Editorial
Copyright ©2011 Baishideng Publishing Group Co.
World J Gastroenterol. Feb 14, 2011; 17(6): 681-690
Published online Feb 14, 2011. doi: 10.3748/wjg.v17.i6.681
Figure 1
Figure 1 High-resolution imaging of membrane domains in human Caco-2 colorectal cancer cells. These data come from high-resolution correlative fluorescence and transmission electron microscopy (CFEM) studies on whole mounts. Human colorectal cancer (CRC) cells (Caco-2) were cultured on formvar-coated nickel grids and then treated with Triton X-100 in cytoskeleton stabilization buffer, leaving detergent-resistant membranes behind[37]. These membrane fractions were labeled with the membrane raft marker GM1 CTxB-594 (red) and the actin cytoskeleton was stained with phalloidin-488 (green)[48]. A: Low-magnification overview of the peripheral cytoskeleton reveals actin-rich lamellipodia and associated filopodial extensions. Note the numerous GM1-positive lipid rafts interspersed throughout the extracted cytoplasm. The corresponding high-magnification CFEM analysis (a1-a3) of one of these lamellipodium-filopodial regions reveals the complex architectural nature of the leading edge, showing an intricate cytoskeleton-rich matrix and the close structural relationship with the lipid rafts (a1). Subsequent TEM analysis of exactly the same region not only allowed us to determine the exact size and shape of lipid rafts, but also provided an accurate idea of whether the rafts were located on top or beneath the lamellipodium: i.e. apical or basal (a2).
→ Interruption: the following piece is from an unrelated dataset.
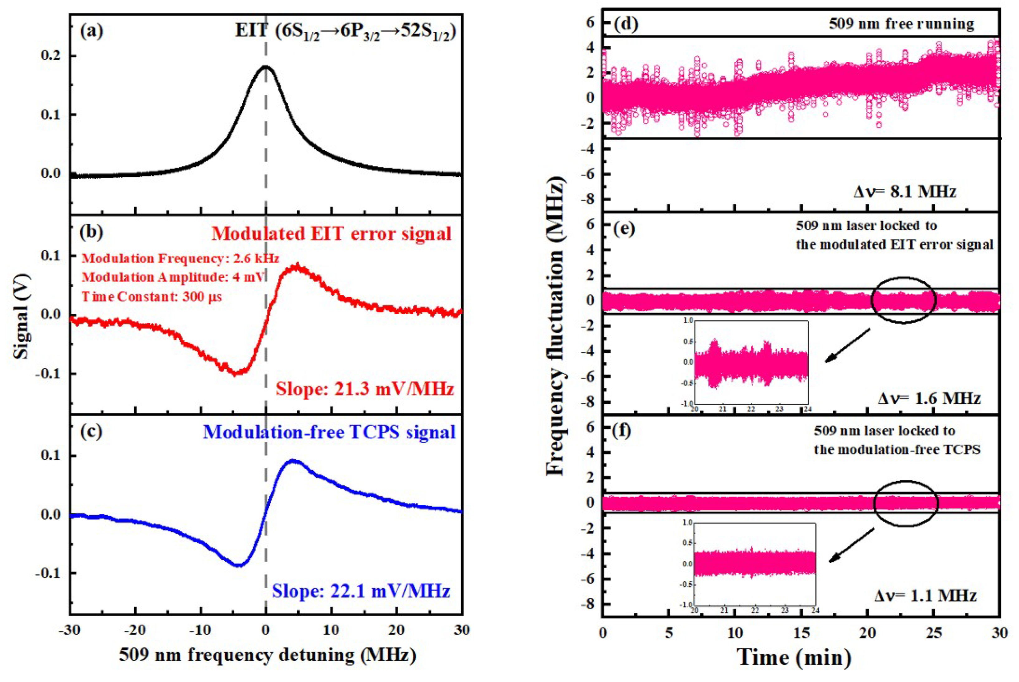 - Jiao, Y.C.; Li, J.K.; Wang, L.M.; Zhang, H.; Zhang, L.J.; Zhao, J.M.; Jia, S.T. Laser frequency locking based on Rydberg electromagnetically induced transparency. Chin. Phys. B 2016, 25, 053201. [Google Scholar] [CrossRef]

The corresponding merged information (a3) clearly shows the additional value of applying different imaging techniques on the same cell: the electron-microscope data reveals small detergent-resistant membrane islands that could not be resolved by advanced confocal microscopy. Scale bar, 2 μm; For the electron tomographic analysis of a detergent-resistant membrane island and the surrounding cytoskeletal matrix (show in B and C), whole mounts of Caco-2 cells were prepared as outlined under A. Then we performed transmission electron tomography imaging at 1.5º incremental steps under dual-axis tilting (B) and then carried out subsequent segmenting (b1-b4) of the XYZ-tilting series. The single-image slices obtained via the IMOD tomography software show the sample at different heights from bottom to top (b1-b4) spanning a height of about 300 nm; C: An area of the entire tomogram was next selected (c) and a three-dimensional model generated of the membrane raft-cytoskeleton interface (c), showing the close interaction of fine cytoskeletal fibers at the rim of the detergent-resistant membrane.